Scots council chiefs urged to get behind free childcare plans
Deputy First Minister John Swinney issued the appeal to councils to help ensure the policy is implemented amid recent concerns that there are “significant risks” over a shortage of both staff and nurseries on the ground.
Free early learning and childcare would double to 1,140 hours per year by 2020 under the plans, for children who are three or four years old, as well for vulnerable two-year-olds. This equates to about 30 hours a week over the current school term, effectively mirroring the primary school week.
First Minister Nicola Sturgeon has said the change could be “transformative” for a generation of Scots mothers and get them back into the workplace.
Mr Swinney said it was a “big challenge” to ensure the policy delivered as it came under the spotlight of MSPs yesterday.
He said he wanted private nurseries and child minders to be part of the solution, along with council-run nurseries. Parents could then use the facility best suited to their needs through the system of individual child “accounts” planned by ministers.
The Deputy First Minister added: “I want to give the clearest signal to Parliament that the government wants to broaden that participation but we need our local authority partners to be with us in so doing and any support in that respect will be welcome.”
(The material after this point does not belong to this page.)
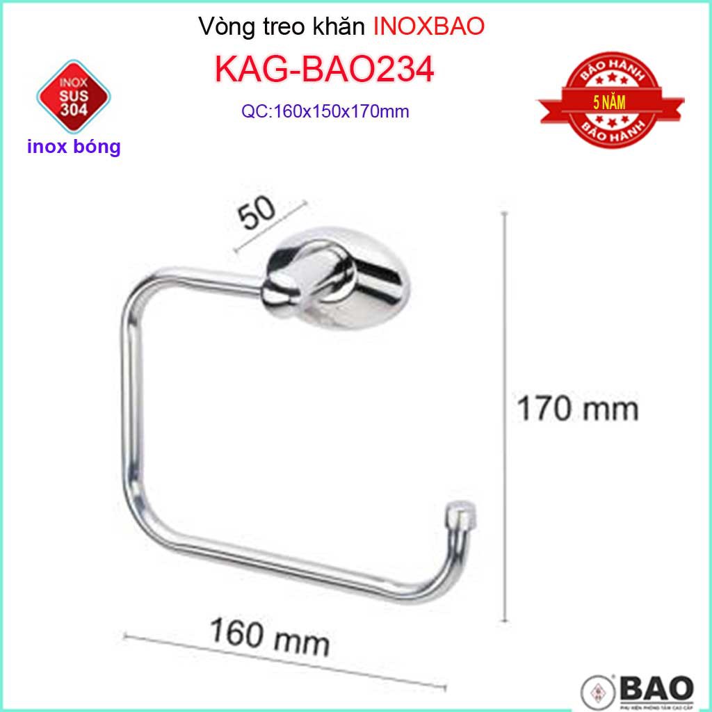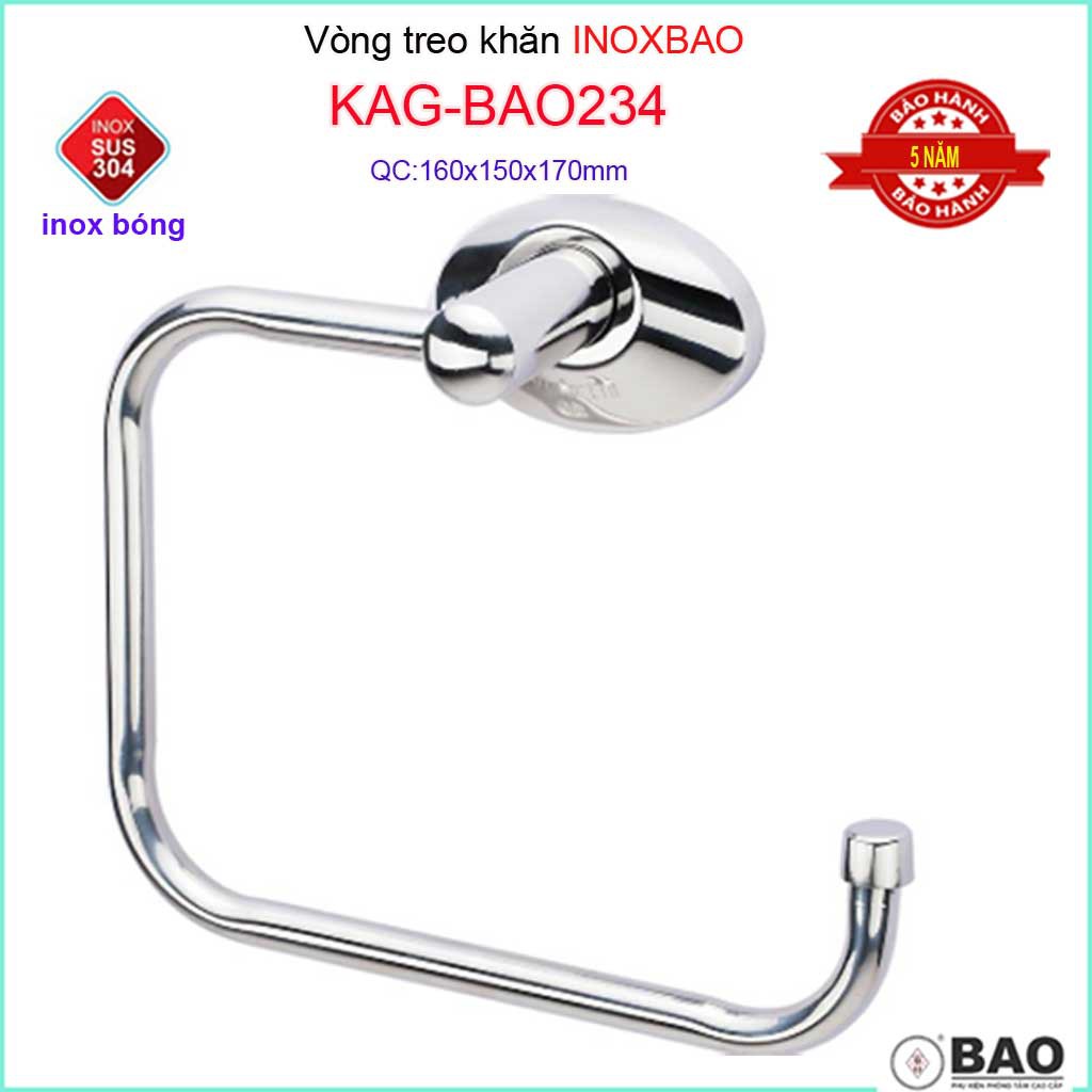 òng treo khăn Inox Bảo,máng khăn vòng Inox 304 KAG-BAO234Kích thước dài 160mm x rộng 170mm

He urged political opponents at Holyrood to liaise with their party colleagues in council administrations around the country to secure their support for such an approach.
An additional 11,000 early years staff will be needed to secure the extra capacity. About 3,000 will be recruited in the coming year, MSPs were told, with the remainder to come in the next two years, Mr Swinney added.
But MSPs also heard concerns that the current 600 hours provision is not being taken up by many parents, with a recent report by the Fair Funding for Our Kids parents campaign warning that a lack of flexibility makes it “impossible” for many to use.
Labour’s Mary Fee said: “For the majority, nursery hours must be more flexible.
“Many parents who work in shift patterns. or in zero hour contracts will find themselves with additional problems, in balancing their childcare commitments. We should be doing more to make childcare much more flexible and to create that wraparound system that meets parents needs and most importantly their expectations.”